The role of MRCP is broad. It can be used as a primary diagnostic cholangiography and pancreatography study. In cases of failed or incomplete ERCP, MRCP can be used to delineate biliary tree anatomy, both proximal and distal to the level of obstruction. Additionally, MRCP can be used in conjunction with T2-weighted and gadolinium-enhanced gradient dynamic, or fat-saturated SE T1-weighted sequences of the liver and pancreas to determine the cause of obstruction, as well as to identify the extent of local and metastatic liver spread in the setting of malignant obstruction. MRCP allows the determination of patients who need biliary drainage and the selection of the most appropriate route--either via ERCP or percutaneous intervention. Fulcher et al demonstrated an accuracy of 98.2% for the diagnosis of malignant obstruction utilizing MRCP. In that study, use of MRCP obviated the need for ERCP by excluding biliary stones in 95 of 300 patients (32%) with undiagnosed abdominal pain or acute pancreatitis.

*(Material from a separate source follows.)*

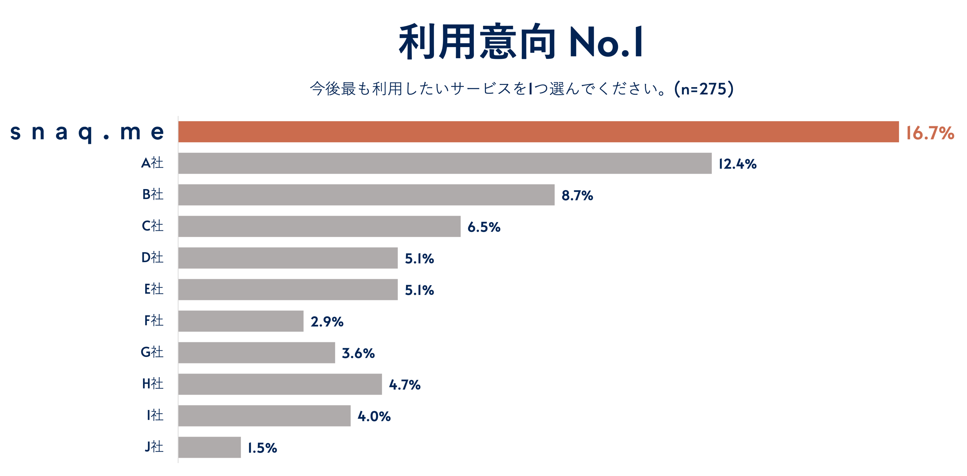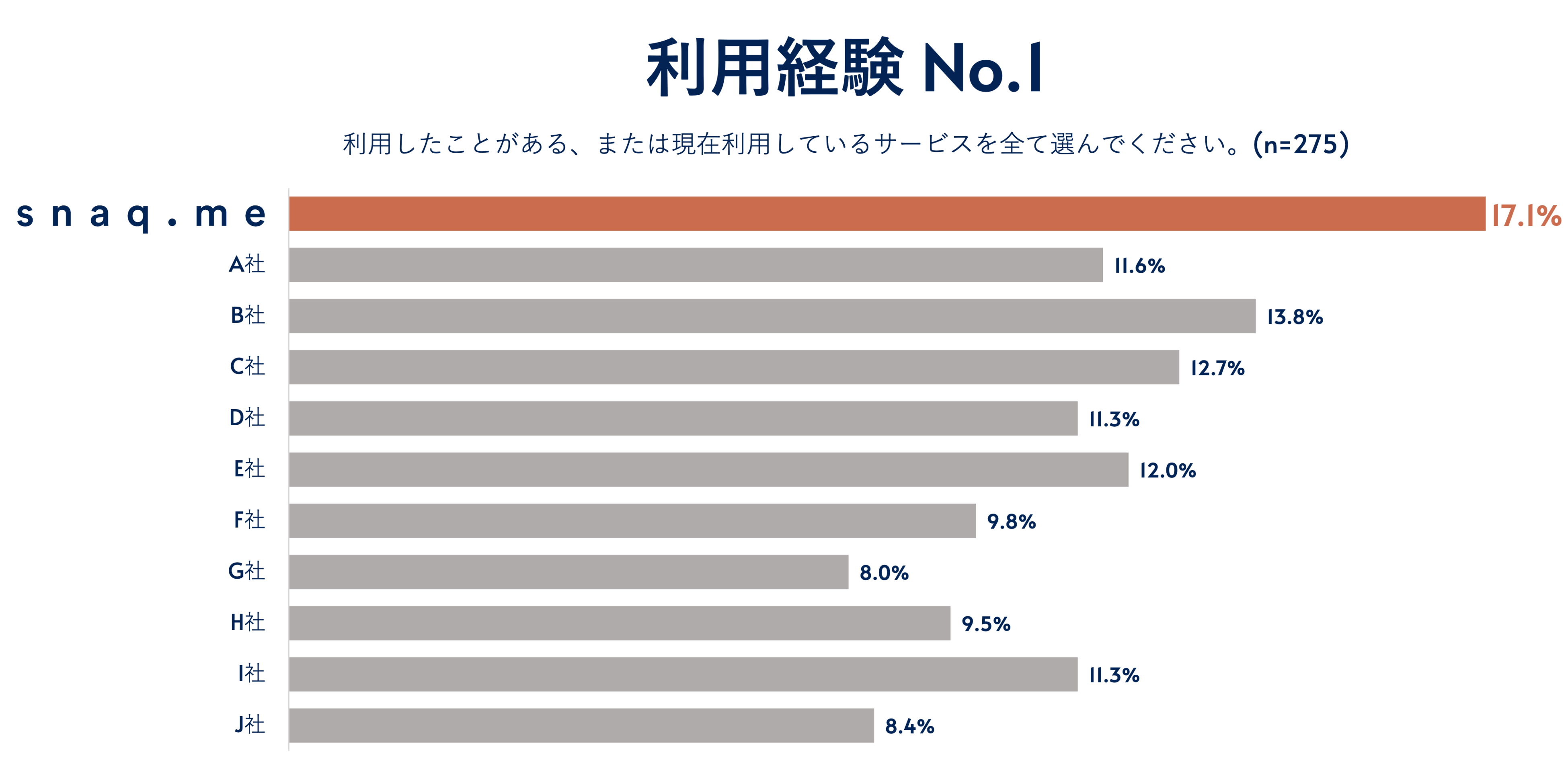 snaq.meが「おやつのサブスクリプションサービス(11社※)」の中で、認知度、利用経験、利用意向の全てで1位を獲得しました。

Recent studies of the MRCP diagnosis of choledocholithiasis are favorable, with sensitivity ranging from 81 to 100% and specificity ranging from 97 to 100% for the detection of biliary stones. Biliary stones appear black on the background of bright/white bile. This is compared to ERCP data, published by Frey et al, which report a sensitivity of 90.4% and a specificity of 98% in the detection of choledocholithiasis.

MRCP also can be used to assess variant and postoperative biliary anatomy, acute or chronic pancreatitis, and cholangitis.

The disadvantages of MRCP compared to ERCP include the inability to biopsy tissues, the inability to perform a therapeutic role (such as stent placement or endoscopic sphincterotomy), and slightly diminished image resolution.

Overall, the role of MRCP is increasing as a reliable and sensitive exam that can perform a rapid acquisition, yielding diagnostic information comparable to that of ERCP.